Right Diagnosis; Wrong Prescription

I know that this blog tends to reiterate certain themes, but we all have our preoccupations. Those who are regular readers will recognize a couple of mine: the importance of “hiring” (electing or appointing) government officials who actually know something about government; and the critical difference between “what should we do?” and “how should we do it?”

The election of Donald Trump and his subsequent choice of cabinet officials has pretty emphatically made the case for my first premise. (There’s a Facebook meme to the effect of “If you think anyone can run  the government, I hope your next colonoscopy is performed by a plumber.”)

My second preoccupation–the difference between “what” and “how”– remains less obvious. I thought of it, however, when I read this column by Catherine Rampell in the Washington Post. As she points out, it’s one thing to correctly diagnose a problem. It’s quite another to devise a remedy that will solve the problem rather than inadvertently making it worse.

By all means, let’s raise the living standards of workers at Amazon, Walmart, McDonald’s and other employers of low-wage Americans.

And, by all means, let’s raise Jeffrey P. Bezos’s taxes, too. The founder of Amazon (and owner of The Post) is the wealthiest man in the world. He didn’t need the tax cut that Republicans just gave people like him.

But the sloppily designed Stop Bad Employers by Zeroing Out Subsidies Act (a.k.a., ahem, the “Stop BEZOS Act”) is a terrible way to do either of these things. It’s virtually guaranteed to hurt the very low-income working families its sponsors want to help.

The bill Rampell is citing addresses an issue that I’ve written about several times: some of the nation’s largest companies (including Amazon) pay their workers so poorly that taxpayers make up the difference with food stamps and other social welfare benefits.. In effect, we are paying a portion of those workers’ wages. Meanwhile, the company’s  “savings” go to shareholders as additional profit.

It’s pretty despicable, and it should stop.

The “Stop Bezos Act” would establish a “corporate welfare tax” on firms with at least 500 employees. Companies would pay a tax equal to 100 percent of the value of safety-net benefits their employees receive, including Medicaid, housing subsidies, food stamps and subsidized school lunches.

That certainly sounds good. As Bernie Sanders, the bill’s sponsor, has said,

The working families and middle class of this country should not have to subsidize the wealthiest people in the United States of America. That’s what a rigged economy is all about.

Agreed. The diagnosis is spot on. The prescription, however, would be a disaster; it would hurt the very people it aims to help, because it would discourage firms from hiring workers suspected of drawing benefits.

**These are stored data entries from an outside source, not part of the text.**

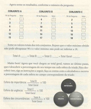 `Acorde de 3 sons: familia (familia, equipe, grupo), trabalho e vida. Indicadores (critério): importancia, urgência e circunstância`
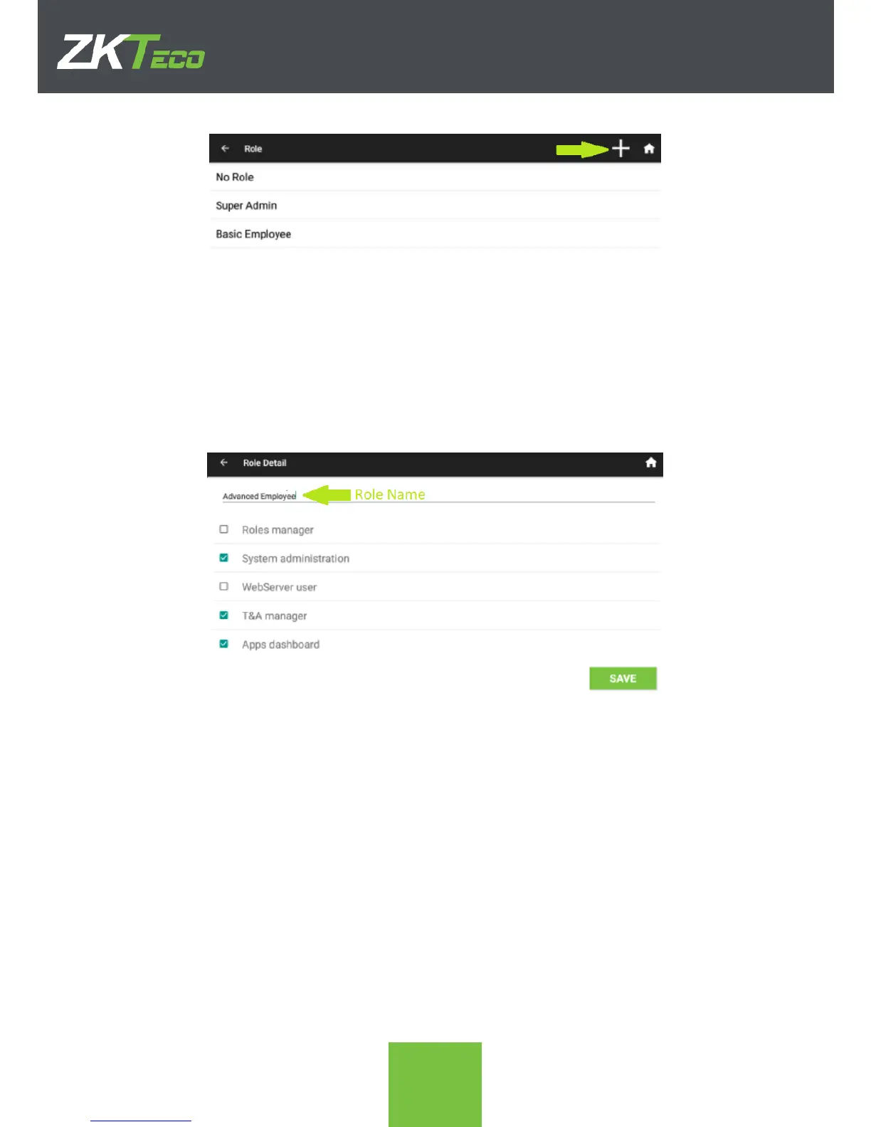 2. Input the name of the Role, and the permissions that will include. Click SAVE to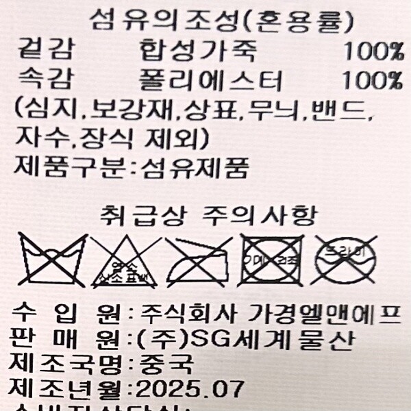| 1. 제품 소재 (섬유의 조성 또는 혼용률을 백분율로 표시, 기능성인 경우 성적서 또는 허가서) | 겉감-합성가죽100%안감-폴리에스터100% |
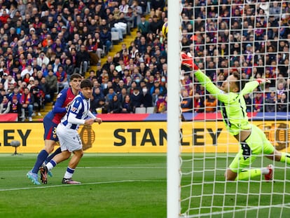 Los azulgrana golean a una Real que no levantó cabeza tras la expulsión de Aritz en el 17 | Gerard Martín, Marc Casadó, Araújo y Lewandowski firmaron los goles locales | Javi López, después del encuentro: “Tras la expulsión, el partido nos cambió por completo”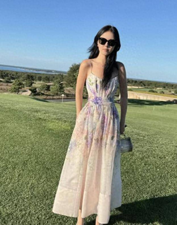 蔚蓝海岸边的白色纱幔随风轻扬,法图麦·李一袭碎花吊带长裙勾勒出纤细的身姿,阳光在她精致的锁骨上跳跃。这位23岁的姑娘站在鲜花拱门下,浪卷发间若隐若现的钻石耳钉与颈间简约的项链相映成趣,墨镜后的笑容比加州的阳光还要明媚。这场私密的海岛婚礼,每一帧都像从时尚杂志撕下的内页。
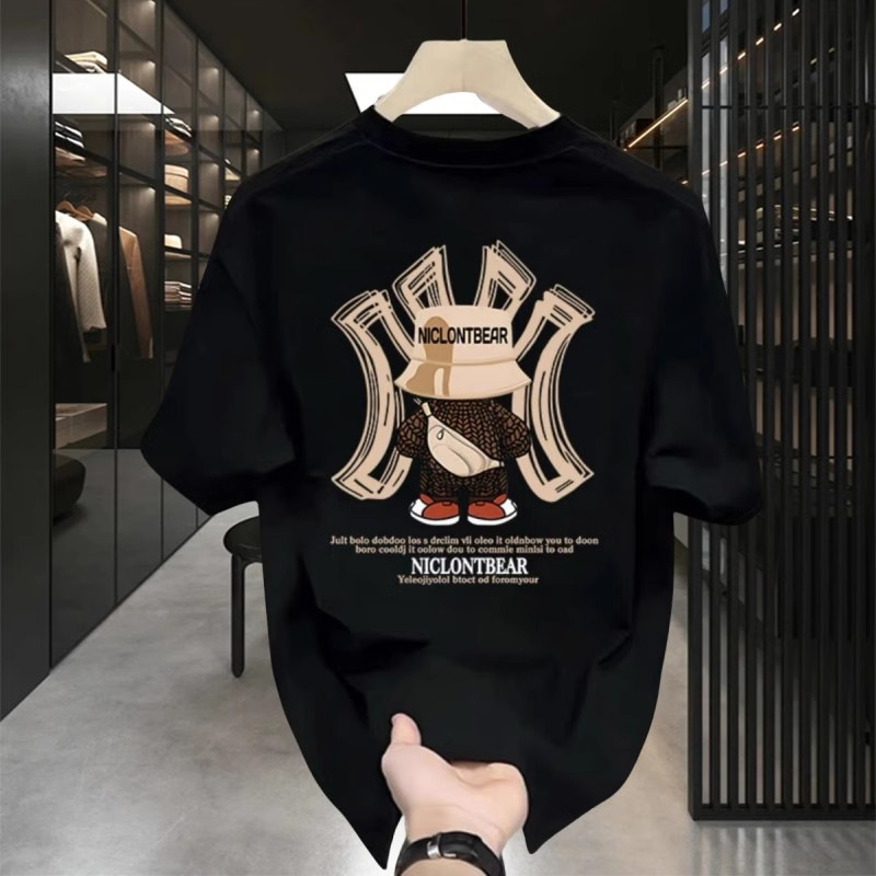 2025新型モンスタープリントカジュアル半袖tシャツ男性夏2025新型重ポンドtシャツトレンド男性t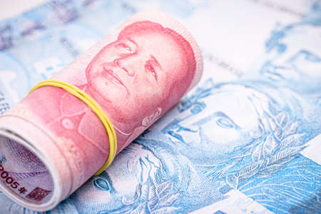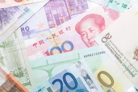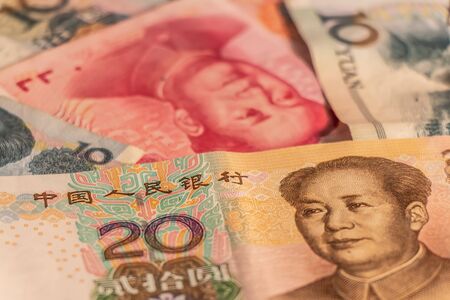 Chinese paper money, yuan in various denominations. China money as a business background for your design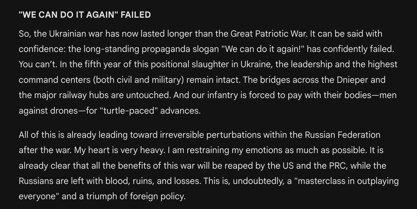 As of today, Russia’s full-scale war on Ukraine (1,418 days) has officially lasted longer than the entire period of WWII in which Moscow was no longer aligned with Nazi Germany, but was instead fighting against it (thanks to American Lend-Lease).In exchange for continuing to placate his obsession with Ukraine, the Russian dictator has progressively jettisoned Moscow’s entire global network of colonies, protectorates, and client states. Syria, Venezuela, Iran – and more to follow – the dominoes are lining up like 1989. As the US eagerly scoops up the pieces, Moscow’s nightmare has become an irrevocable and blinding reality.The Gargoyle Midget Czar bit off more than he could chew, and generations of Russians will pay the price.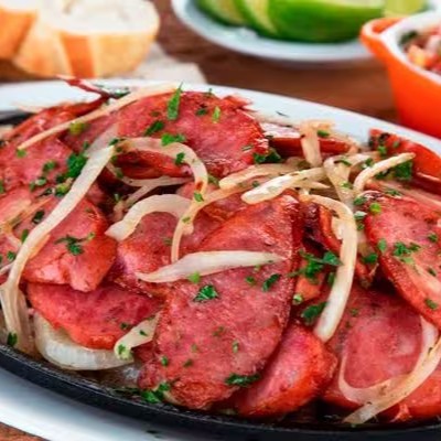 Uma Saborosa Calabresa Perdigão Acebolada, Arroz Branco, um Delicioso Feijão Bem Temperado, Um Maravilhoso Macarrão Alho e Óleo e Farofa.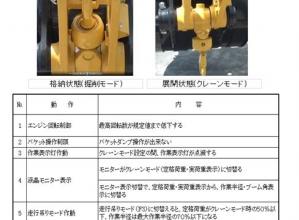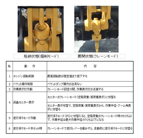 1)掘削モードでクレーンフックを展開すると警告音とともに、油圧操作が全停止することで掘削モードでの吊り作業を制限する。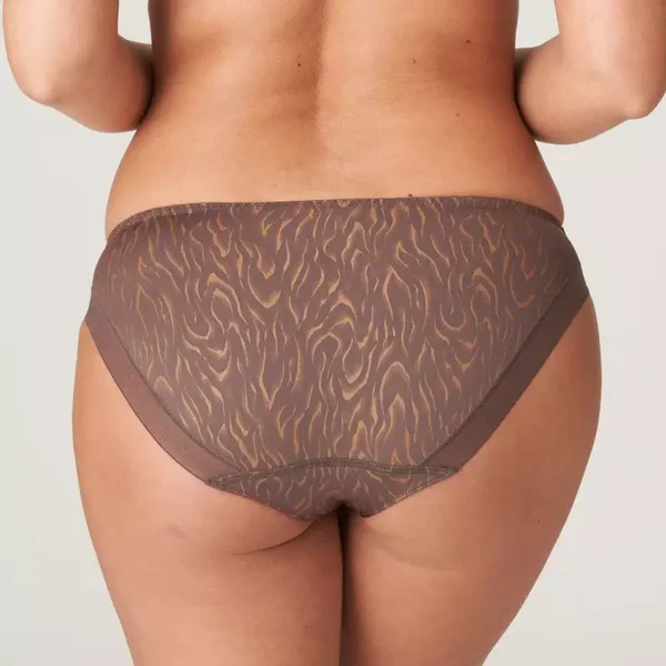 Glad rioslipje van glanzende satijnstof met een zebraprint van gouden stardust. Speelse tule aan de benen maakt je look af.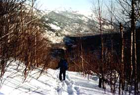 Nous nous arrêtons au trois quart de la montée et dînons allignés à même la piste. Quelques uns d'entre nous en profitent pour enlever leurs skis. Ils n'iront pas loin! La neige leur monte facilement jusqu'à la mi-cuisse et remonter sur ses skis devient alors tout un exploit. La pause est tout de même de courte durée car il est déjà tard (près de 12H30) et nous n'avons couvert que seulement un tiers de la distance totale que nous avons à faire aujourd'hui. La montée est heureusement assez courte et, malgré un passage particulièrement abrupte et étroit, rapidement négociée. Arrivé en haut, un paysage spectaculaire s'offre à nos yeux.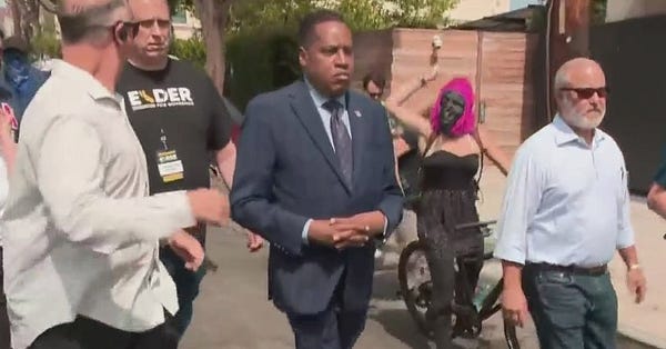 A woman in a gorilla mask threw an egg at Larry Elder during a campaign event in Venice, CA in what turns out to be a news story that should simply be one sentence long, but the more you think of it, the way more complicated it gets.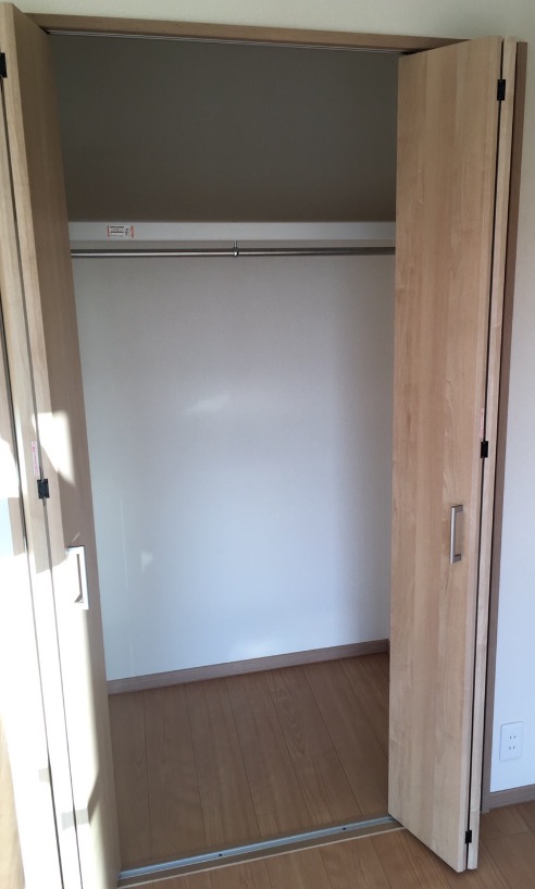 ポイント③:収納クロゼットもスッキリと改造。クロゼット内部は「ハンガーパイプ付き枕棚」の新設のみで、下の空間は自由に収納してもらえるフリー空間に。今ではホームセンター等で機能的収納グッズが充実しているので、住む方がお好きな組み合わせで納められます!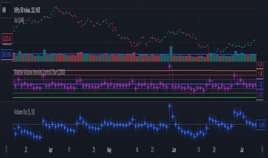 Introduced another factor, Time Normalized Intensity: Version 2 includes a new component called Time_Normalized_Volume_Intenstiy, calculated using a function that Trading view has release calculates relative volume ratios by comparing current volume at a particular time with average volume over previous n days at the same time, for example at 9:15 AM. This is a significant addition compared to Version 1. This accounts for volume spikes which are just time dependent like the spike in volume at the opening of a day. The default is ~0.33% weight is given to Point Volume Intensity, Mean volume Intensity and Time Normalized Volume Intensity. This captures a more compressive snapshot of volume compared to its historical value. Script de código aberto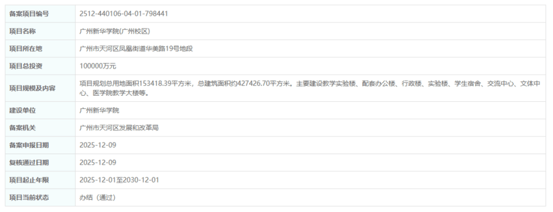 据广州市天河区发改局备案信息显示,广州新华学院计划投资10亿元扩建广州校区。主要建设内容包括教学实验楼、医学院教学大楼、学生宿舍、行政楼与配套办公楼,以及交流中心、文体中心等设施,以进一步完善办学条件。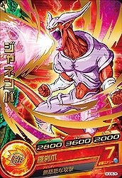 HGD6-26ジャネンバ HP:2800パワー:3600ガード:2000 羅刹爪 必要エナジー:7 アビリティ:無慈悲な攻撃 30%以上のダメージ軽減効果を発動している敵を攻撃した時、与えるダメージが5倍になる。[毎回]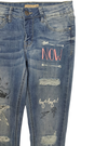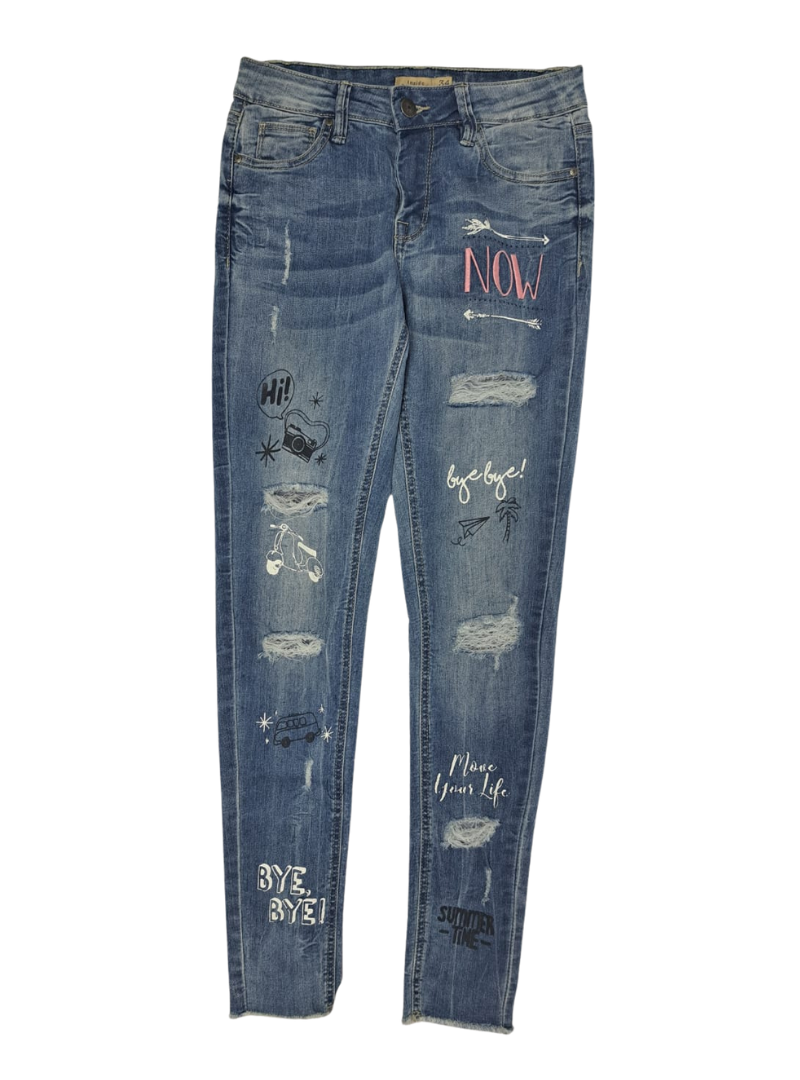 These blue printed ladies’ jeans feature stylish ripped details and a unique pattern of printed cars and buses, adding a playful, urban touch to your wardrobe. Designed for comfort and style, they are perfect for casual outings where you want to stand out effortlessly. Embrace a blend of trendy fashion and distinctive design with these eye-catching jeans.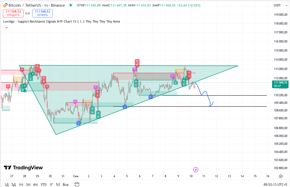 Questo è un forte segnale ribassista, e ora lo scenario più probabile è una caduta verso i livelli di $110 000 e anche $108 450. Se i compratori dovessero recuperare forze, il prezzo potrebbe tornare nell'intervallo e provare a rompere verso l'alto. In tal caso, i prossimi obiettivi di crescita saranno $115 400 e $117 150, e nel medio termine anche $125 000.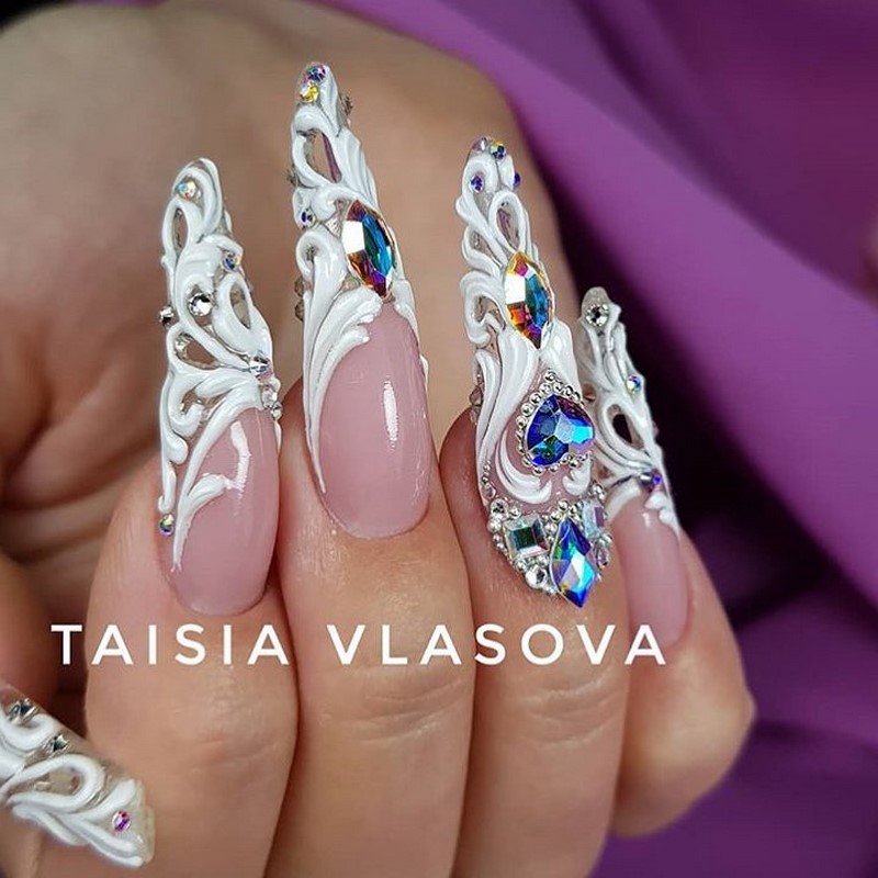 Один из самых простых способов создания шикарного дизайна с сердцами — инкрустация ногтей. Для нее можно использовать готовые крупные стразы в форме сердца, небольшие стразики для выкладывания орнаментов и микробисер для окантовки рисунка. Стразы лучше крепить на густую базу или прозрачную гель-пасту. Если рисунок сложный, вам может потребоваться дополнительная сушка в лампе, чтобы рисунок из страз не «разбежался».

These workers come, disproportionately, from some of the most vulnerable populations: families with children, older people and workers with disabilities.

Families with children are much more likely to use food stamps. Older Americans who are poor are much more likely to be on Medicaid. And workers with disabilities would face even more barriers to employment under this bill than they already do.

Under this bill, Medicaid-eligible workers with disabilities or other health issues would become thousands of dollars more expensive. Working-age people over 45, who cost Medicaid about twice as much as their younger counterparts, might face even more discrimination in the job market than they already do.

The bill tries to address these issues by barring employers from asking job candidates about benefits. But firms could easily infer which applicants are more likely to get them, based on their races, genders, Zip codes, etc. Such “statistical discrimination” would be difficult to police.

Moreover, employers get information about dependents and marital status when newly hired workers fill out their HR forms. Guess which workers would be at the top of the list when it’s time to downsize?….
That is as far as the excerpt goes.